A single-shot multi-box detector can achieve a faster and more accurate performance than YOLO. It uses features from different levels in the network, which help detect objects with different sizes. Adding to that, the fast implementation of non-maximum suppression is essential for the network, as it outputs a large number of boxes for each image.
Image segmentation is used in various applications (medical, robotics, satellite imagery analysis, etc.) to not only understand the locations of objects in images and video frames, but to more precisely map the boundaries between different objects in the same image.
Image segmentation can be divided into two categories: semantic segmentation and instance segmentation, both of which require pixel-level labels.
For semantic segmentation, the solution requires objects’ pixels for each class of targets in the image to be labeled with the same value. Meanwhile, instance segmentation requires separating different instances of the same class by assigning their pixels different values. Some approaches handle the occlusion of objects so that the occluded part of the object is also represented.
Needless to say, segmentation datasets are of the most time-consuming datasets to build. Again, COCO and PASCAL datasets are two of the largest datasets for image segmentation, using general objects, as mentioned earlier.
Other datasets are built for more specific applications. For medical applications, there are a lot of datasets such as BraTS and Lits, which target tasks like tumor segmentation in different parts of the body and different types of diseases. Datasets like SpaceNet and the Agriculture-VisionDatabase consist of satellite images, which can have a variety of applications used for labeling large-scale things like streets, buildings, water bodies, etc.
For models handling segmentation problems, a different concept of ConvLayers should be used in addition to the traditional one—transpose convolution or deconvolution. Transpose convolution can output frames with larger spatial sizes than its input, which is needed for segmentation since the network infers the segmented image from features with smaller spatial size.

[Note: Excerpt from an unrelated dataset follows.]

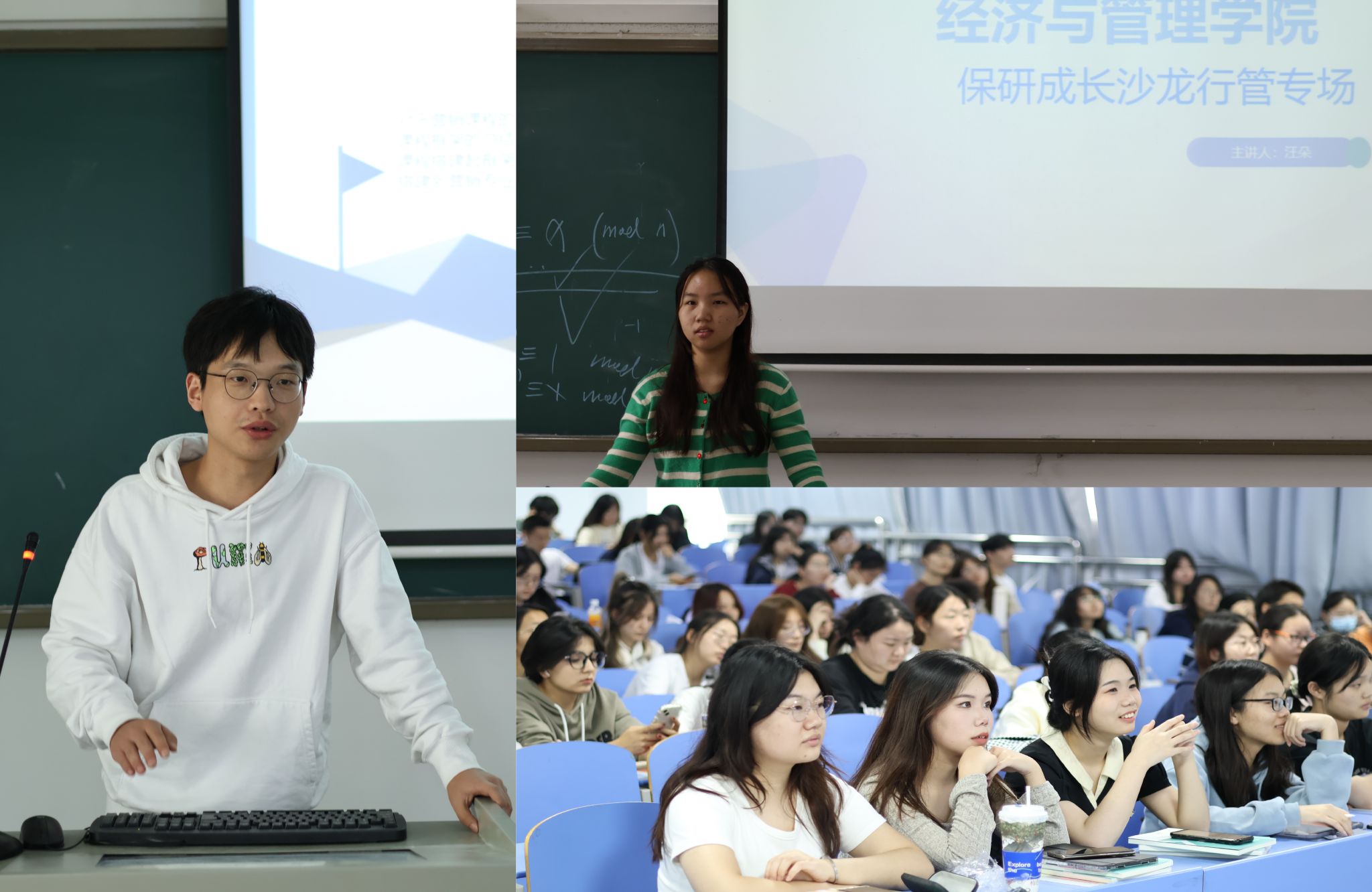 为引导学生进一步明确奋斗目标,合理规划职业生涯,10月19日,经济与管理学院在教3举办了“经诚”成长沙龙活动。本期活动以“保研分享”“公考培训”“留学交流”“创新创业”为主题,分场次面向全院学生开展分享交流活动。

The U-Net architecture is a full CNN that uses ConvLayers while reducing the spatial size and increasing the depth, and then the reverse by using transpose ConvLayers. Also, an important detail that affects the accuracy of the network is the forward propagation used between the early layers of the network and the later layers with the same spatial sizes, which can provide missing information due to the reduction of the window size.

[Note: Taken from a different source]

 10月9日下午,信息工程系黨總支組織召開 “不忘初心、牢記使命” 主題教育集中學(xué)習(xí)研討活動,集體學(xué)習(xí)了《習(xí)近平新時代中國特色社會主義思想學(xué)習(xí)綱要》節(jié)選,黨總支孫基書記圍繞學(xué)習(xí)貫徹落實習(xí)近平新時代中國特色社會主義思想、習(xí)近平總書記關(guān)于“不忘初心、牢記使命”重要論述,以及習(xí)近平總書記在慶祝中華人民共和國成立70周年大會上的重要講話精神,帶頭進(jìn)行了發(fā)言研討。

This network is an extension of Faster R-CNN, adding an extra branch predicting an object mask parallel to the bounding box prediction branch. In addition to this network being the state of the art for segmentation, it has been extended to perform several different tasks such as human pose estimation and rigid object pose estimation.
Computer vision can also tackle different tasks, which are a bit out of the scope of this article; however, we’ll offer simple descriptions for some examples of other tasks.

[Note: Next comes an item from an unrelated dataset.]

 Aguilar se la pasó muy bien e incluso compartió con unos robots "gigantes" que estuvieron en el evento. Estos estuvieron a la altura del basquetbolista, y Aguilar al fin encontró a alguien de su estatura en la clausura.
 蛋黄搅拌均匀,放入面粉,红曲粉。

By learning the distribution of a dataset using approaches like GANs, we can generate new images that look real and can be used in new datasets. For example, by going to this website, you will see a new picture of a person that looks real—but has just generated by a CNN.
Approaches like GANs and VAEs can be used to transform images from a source domain (street view in summer) to a target domain (street view in winter), which is very beneficial for generalizing networks’ performance on different tasks without annotating new data. This is also used for cool applications like deepfakes.
Another cool application of CNNs is neural style transfer, which uses a content image and a style image to output an image with the same content of the content image, but with the style of the style image. Using this, we can transform normal pictures into version that appear to be created by Van Gogh or Picasso.
In this survey of todays most essential machine learning-based computer vision techniques, we gave simple brief explanations of each topic to give the reader an overview of the range of possibilities, which can be a good way to start your journey with the field.